At the outset of this year’s mayoral race, we had hopes for Speaker Chris Quinn when, after meeting with Commissioner Ray Kelly, she said she would keep him as police chief if she is elected. Now she, too, has surrendered, by backing legislation for an inspector general that would second-guess the police. In so doing, she has also created an opening for a candidate with backbone.

That candidate will not come from any of Quinn’s rivals in the Democratic Party. Though few are willing to oppose stop-question-frisk outright — Comptroller John Liu is virtually alone in his call to scrap the program completely — most have taken Quinn’s cheap out: supporting “reforms” that would in fact strangle the program and threaten the progress on crime.

The context is important, too.
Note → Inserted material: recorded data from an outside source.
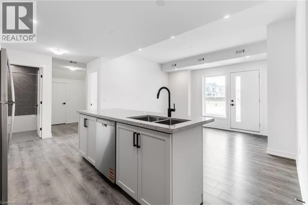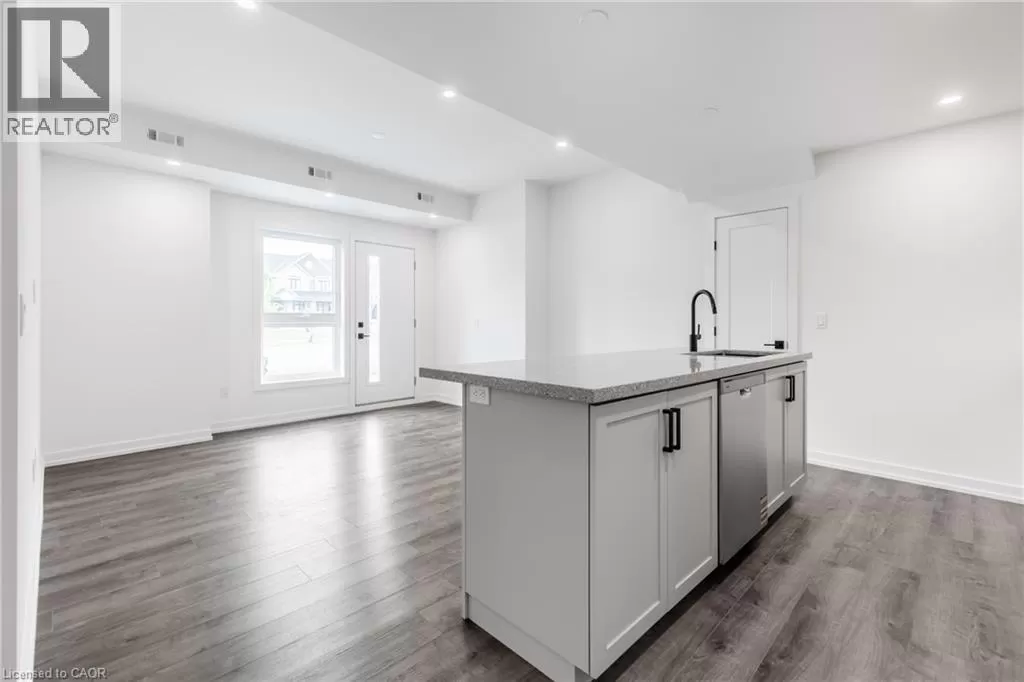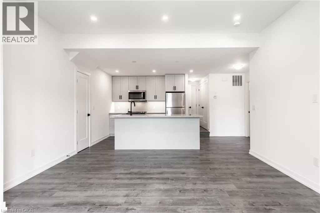 Dundas St E. to Burke St. Brand new stacked townhome by award-winning developer New Horizon Development Group! This 1 bedroom plus den, 1-bath home offers 795 sq ft of modern living, with over $25,000 in upgrades, and is one of the few units of this kind built in the entire development. Features include quartz countertops throughout, pot lights, sleek vinyl plank flooring, stainless steel appliances, and modern high-end plumbing fixtures and hardware. Includes a private 1-car garage. Just minutes from vibrant downtown Waterdown, youâll have boutique shopping, diverse dining, and scenic hiking trails at your doorstep. With easy access to major highways and transit, including Aldershot GO Station, youâre never far from Burlington, Hamilton, or Toronto. (id:27476)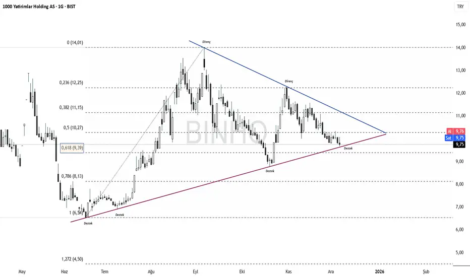 -Hisse simetrik üçgenin yükselen trendine yaklaştı 9,64 seviyesi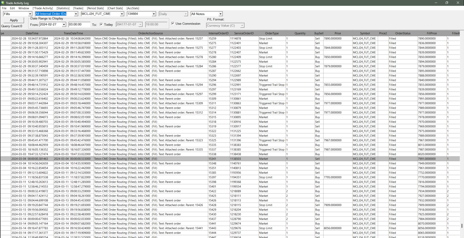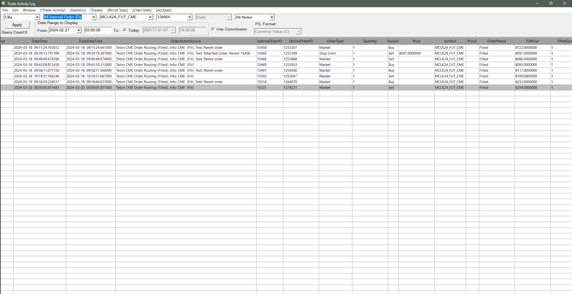 This is what we see: Orders 2024-03-20 00:00:00.902053 2024-03-20 00:00:00.902024 Flatten and Cancel at set time for Symbol and Account. Flatten&Cancel | Last: 82.549995. Current Position quantity: 1 | AO=0 15521 Market 1 Sell MCLK24_FUT_CME Order Sent 134664 Close 1 0.00 Day

For these calls for “reform” occur as the same federal judge who has ruled against the police before is now set to do so again in a case that might make the stop-and-frisk debate moot.

They also come as radical voices in the Democratic Party are doing their part to discredit the program by suggesting that the cops or Commissioner Kelly are racist.

That leaves the Republicans. Unfortunately, though GOP candidates are stronger on this than the Democrats, their support remains tepid. Those who think that characterization unfair should compare the remarks of any of the GOP candidates on stop-and-frisk to what Mayor Bloomberg has been saying.

All seem to have bought into the idea that the program needs to be changed. At a candidates forum this month, for example, John Catsimatidis said, “God bless our police department” — but went on to suggest a rating system that would prohibit cops who didn’t score well from stopping and frisking suspects.

Former MTA chairman Joe Lhota likewise endorsed the concept of stop-and-frisk but added that we need to “control it” and “regulate” it.

To his credit, Lhota yesterday stressed his commitment to erasing “the misinformation about this successful tool.” He further reiterated his opposition to appointing an inspector general. Even so, he’s yet to reflect Bloomberg’s level of passionate support.

Yes, even the best of policies can be improved, in the same way that Mayor Bloomberg improved on the crime-fighting legacy of Rudy Giuliani.

At the same time, the NYPD has already shown itself responsive to calls for real reform: Last year, for example, Kelly introduced a range of steps to improve the program, and just this month, a department memo called for greater documentation of all stops — none of which has satisfied the critics.

At this critical moment, what New York needs is a politician willing to separate from the pack with a full-throated defense of stop-and-frisk that speaks to two truths: first, that it is saving lives, especially of the city’s minority citizens; and second, that many who pretend to want only to “reform” the program really won’t be satisfied until they gut it.